In the post on Tuesday 12/15/15, we talked about the Do’s and Don’ts of employment documentation (and if you follow these practices). Just as how location in real estate can be a deal maker or breaker, so to in the employment context can documentation make or break a case. Not just any documentation, but GOOD documentation. And by documentation we mean the recordation of things, whether in paper or electronic form. So what are some Do’s? Establish clear performance expectations. Focus on the facts. More do's are in the post. And some Don’ts? Don’t diagnose why an employee is performing poorly. Don’t include your (the writer’s) mental impressions and editorial comments in performance documents. More don't are also are in the post.

TAKEAWAY: Build your “defense” every day; document document document. It is hard to recreate something when you need it (and it looks strange too) if it’s not already there.
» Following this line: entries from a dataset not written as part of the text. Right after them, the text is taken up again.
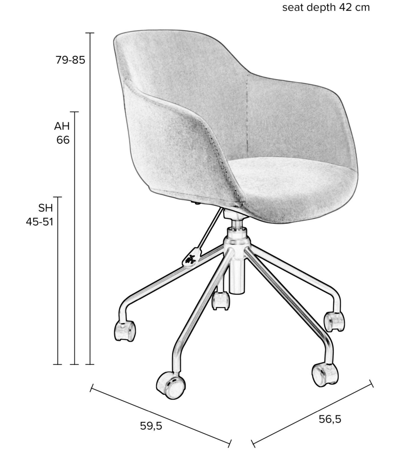 De kuipconstructie, samengesteld uit multiplex, PU-schuim en stof die lijkt op ribfluweel, biedt comfort en stijl. De vaste armleuningen zorgen voor een constante positie tijdens het werken, wat het comfort verhoogt. Junzo Rib is een aantrekkelijke keuze die functionaliteit met esthetiek verbindt.
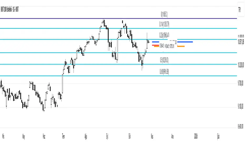 Customization: Users can toggle the visibility of the Fibonacci lines, adjust their thickness and colors (e.g., different colors for levels between 0-1 and for levels above 1), and choose whether the price labels appear on the right or left side of the chart.
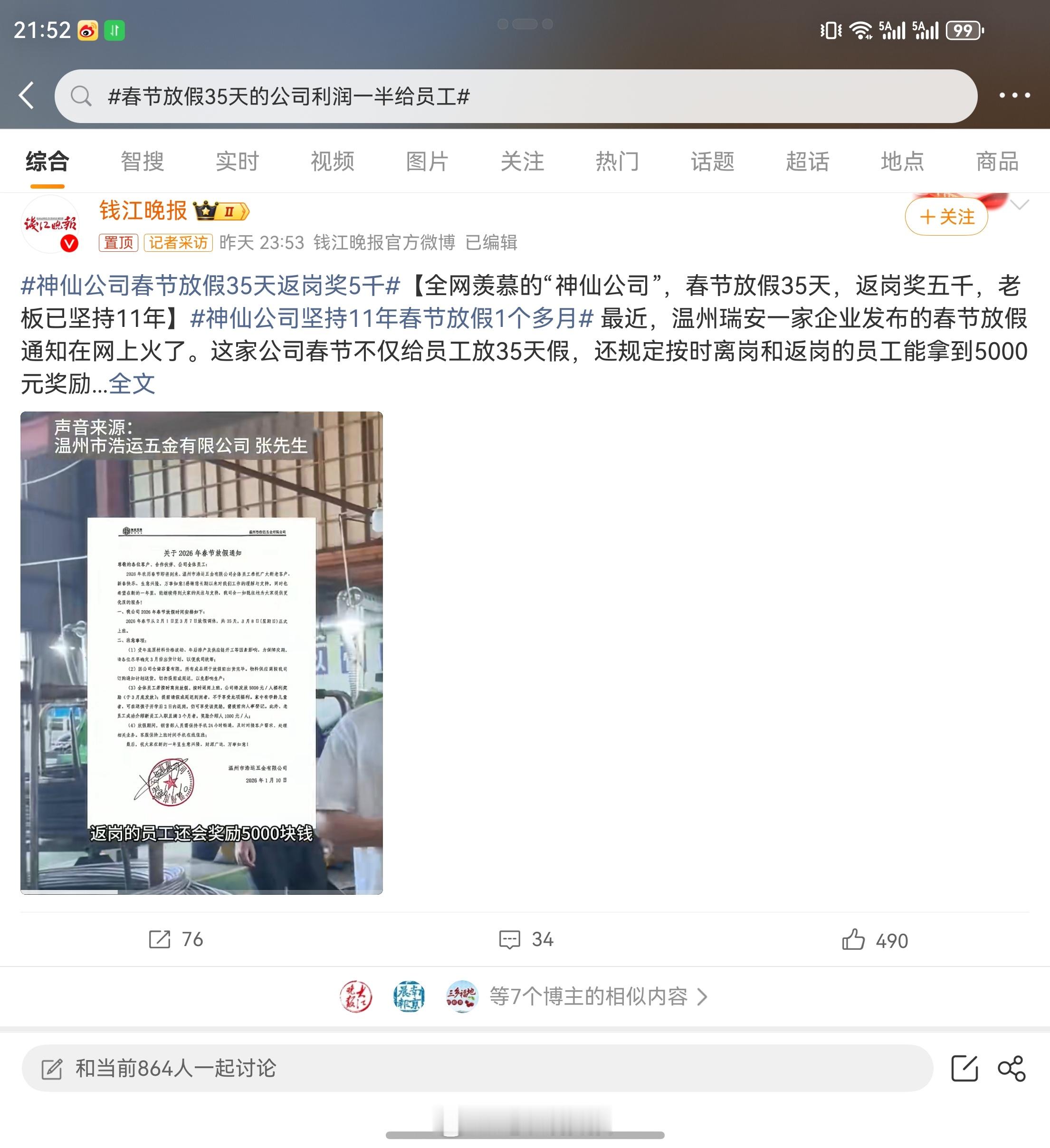 春节放假35天的公司利润一半给员工浩运五金发布了2026年春节放假安排,2月1日至3月7日放假调休,共35天。全体员工若按时离岗放假、按时返岗,公司将发放每人5000元的福利奖励,奖金于3月底发放。 我的天,这年头还有这种公司太难得了 广州

The post on Wednesday 12/16/15 told us that the NLRB declared a conflict of interest policy unlawful on its face. Once again, this applies to ALL employers, not just unionized ones. So what happened? The policy at issue said that, “a conflict of interest with the hotel or company is not permitted” and was found facially unlawful. The policy was in a new handbook distributed by the Sheraton Anchorage. More details are in the post, but, in short, during bargaining negotiations, the employer disciplined employees engaged in protected activity like distributing flyers outside hotel entrances. The Board, in a 2-1 decision, held that the policy was unlawful on its face (as restricting protected activity) and that it could be reasonably interpreted to restrict protected activity (such as employees discussing among themselves the terms and conditions of their employment when in conflict with the employer’s interest).  

TAKEAWAY: ALL conflict of interest policies – repeat, ALL, not just those in union workplaces – must clearly allow employees to exercise protected activity at any time.

The post on Thursday 12/17/15 was about how Dunkin Donuts was certainly not runnin’ on this legal liability. The EEOC charged a company that operates Dunkin’ Donuts stores at BWI with disability discrimination for allegedly (1) refusing to provide a reasonable accommodation of a medical leave to an employee who needed breast cancer surgery and (yes there’s more!) (2) firing her shortly before the leave was to start. It’s no wonder that the EEOC filed suit.

TAKEAWAY: The first (re)action upon learning of an employee’s medical situation should not be adverse; instead, think through your legal obligations as an employer.

In the post on Friday 12/18/15 we learned that the EEOC sued Rotten Ralph’s Restaurant for religious discrimination. Rotten Ralph’s is a popular restaurant in Philadelphia; apparently that popularity went to its head (literally). Tia applied to be a server and told the GM she wore no revealing clothing and covered her hair for religious reasons. She was hired and wore the headscarf until the first time the GM saw it. He was outraged. She again explained it was for religious reasons. He replied that employees were not allowed to wear “hoodies”, would not accommodate her religious beliefs, and fired her. The EEOC sued. For additional details, go to the post.

TAKEAWAY: The Supreme Court has told us that religious beliefs are to be protected and accommodated – besides that legal reason, it’s just the right thing to do for your employees.

Finally, the post yesterday 12/19/15 told us that yes Virginia, you may have a right to a Christmas bonus. If it’s written in an employment contract, then that’s the easy entitlement situation. But if it’s not, or, more likely, if there is no employment agreement, but the employer has paid Christmas bonuses for a number of years in the past, that may have created an implied contract for payment of a bonus this year.

TAKEAWAY: Employers must be careful of setting precedent that may end up legally binding them to something in the future.